• [WORK ITEM] Your task is to transcribe the data exactly while omitting each picture.

• [DATA SEGMENT]
Segment Open

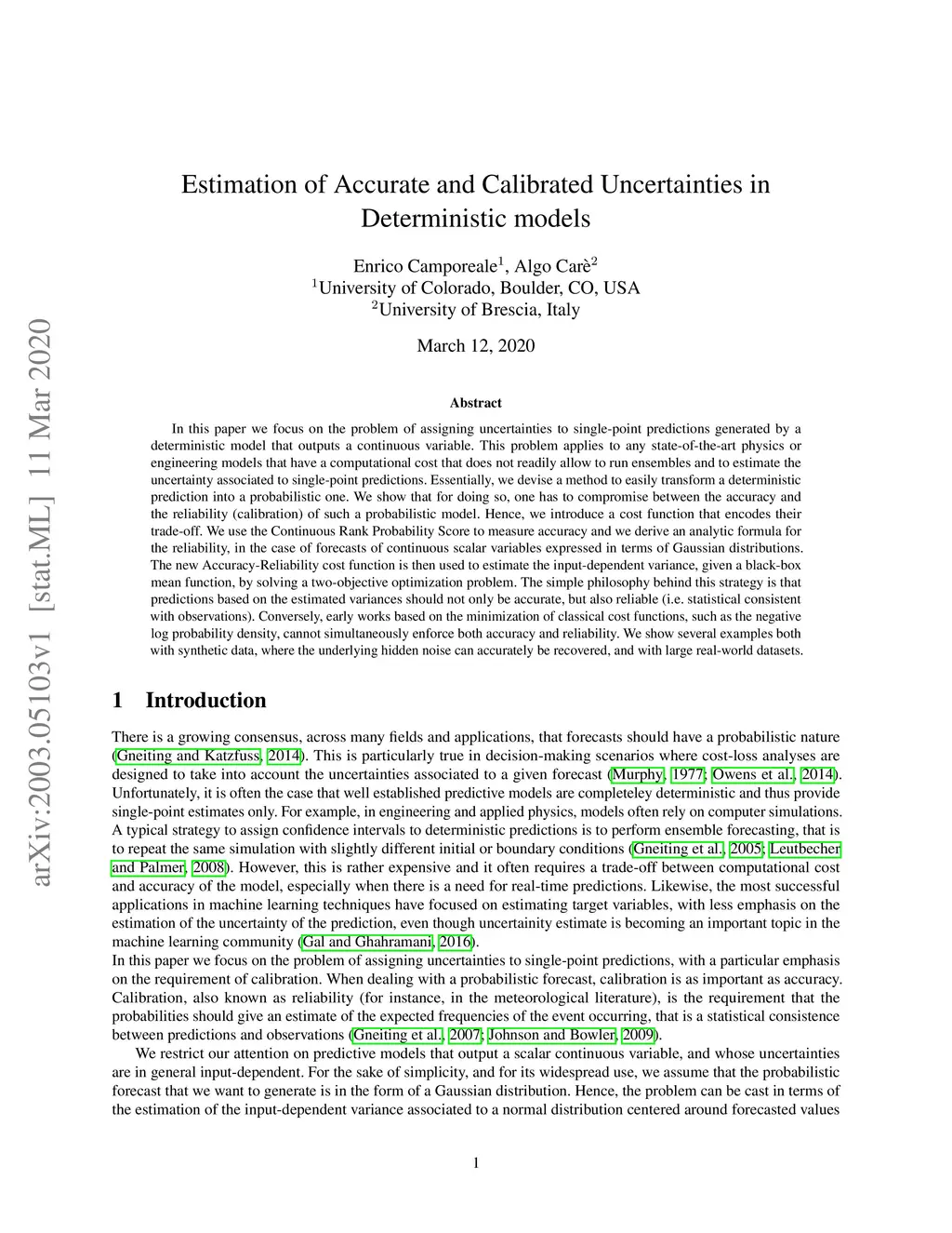 In this paper we focus on the problem of assigning uncertainties to single-point predictions generated by a deterministic model that outputs a continuous variable. This problem applies to any state-of-the-art physics or engineering models that have a computational cost that does not readily allow to run ensembles and to estimate the uncertainty associated to single-point predictions. Essentially, we devise a method to easily transform a deterministic prediction into a probabilistic one. We show that for doing so, one has to compromise between the accuracy and the reliability (calibration) of such a probabilistic model. Hence, we introduce a cost function that encodes their trade-off. We use the Continuous Rank Probability Score to measure accuracy and we derive an analytic formula for the reliability, in the case of forecasts of continuous scalar variables expressed in terms of Gaussian distributions. The new Accuracy-Reliability cost function is then used to estimate the input-dependent variance, given a black-box mean function, by solving a two-objective optimization problem. The simple philosophy behind this strategy is that predictions based on the estimated variances should not only be accurate, but also reliable (i.e. statistical consistent with observations). Conversely, early works based on the minimization of classical cost functions, such as the negative log probability density, cannot simultaneously enforce both accuracy and reliability. We show several examples both with synthetic data, where the underlying hidden noise can accurately be recovered, and with large real-world datasets.
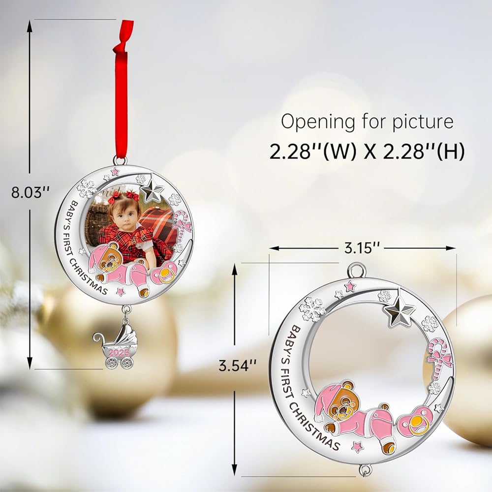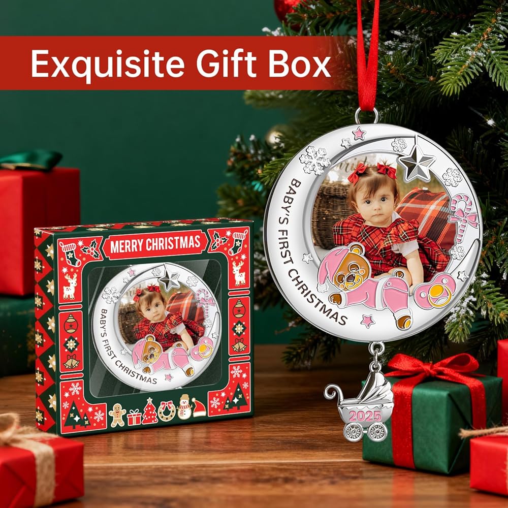 تذكار شخصي للصور: اعرض لحظة عزيزة عن طريق إدراج صورة! تحمل هذه الزينة صورة بمقاس 2.28 سم × 2.28 سم، مما يجعلها الطريقة المثالية لعرض ذكريات طفلتك الثمينة. إنها إضافة مبهجة لشجرة عيد الميلاد الخاصة بك وتذكير خالد بعيد الميلاد الأول لها.
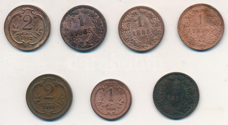 1859A 1kr Cu + 1885. 1kr Cu (2x) + 1914. 1h Br + 1912-1914. 2h Br (2x) T:2-3-, karc, ph., egyiken hajlott lemez 1859A 1 Kreuzer Cu + 1885. 1 Kreuzer Cu (2x) + 1914. 1 Heller Br + 1912-1914. 2 Heller Br (2x) C:XF-VG, scratch, edge error, one with curved plate Krause KM#2186, KM#2187, KM#2800, KM#2801

Segment Closed

• [RESPONSE BELOW]
 In this paper we focus on the problem of assigning uncertainties to single-point predictions generated by a deterministic model that outputs a continuous variable. This problem applies to any state-of-the-art physics or engineering models that have a computational cost that does not readily allow to run ensembles and to estimate the uncertainty associated to single-point predictions. Essentially, we devise a method to easily transform a deterministic prediction into a probabilistic one. We show that for doing so, one has to compromise between the accuracy and the reliability (calibration) of such a probabilistic model. Hence, we introduce a cost function that encodes their trade-off. We use the Continuous Rank Probability Score to measure accuracy and we derive an analytic formula for the reliability, in the case of forecasts of continuous scalar variables expressed in terms of Gaussian distributions. The new Accuracy-Reliability cost function is then used to estimate the input-dependent variance, given a black-box mean function, by solving a two-objective optimization problem. The simple philosophy behind this strategy is that predictions based on the estimated variances should not only be accurate, but also reliable (i.e. statistical consistent with observations). Conversely, early works based on the minimization of classical cost functions, such as the negative log probability density, cannot simultaneously enforce both accuracy and reliability. We show several examples both with synthetic data, where the underlying hidden noise can accurately be recovered, and with large real-world datasets.
 تذكار شخصي للصور: اعرض لحظة عزيزة عن طريق إدراج صورة! تحمل هذه الزينة صورة بمقاس 2.28 سم × 2.28 سم، مما يجعلها الطريقة المثالية لعرض ذكريات طفلتك الثمينة. إنها إضافة مبهجة لشجرة عيد الميلاد الخاصة بك وتذكير خالد بعيد الميلاد الأول لها.
 1859A 1kr Cu + 1885. 1kr Cu (2x) + 1914. 1h Br + 1912-1914. 2h Br (2x) T:2-3-, karc, ph., egyiken hajlott lemez 1859A 1 Kreuzer Cu + 1885. 1 Kreuzer Cu (2x) + 1914. 1 Heller Br + 1912-1914. 2 Heller Br (2x) C:XF-VG, scratch, edge error, one with curved plate Krause KM#2186, KM#2187, KM#2800, KM#2801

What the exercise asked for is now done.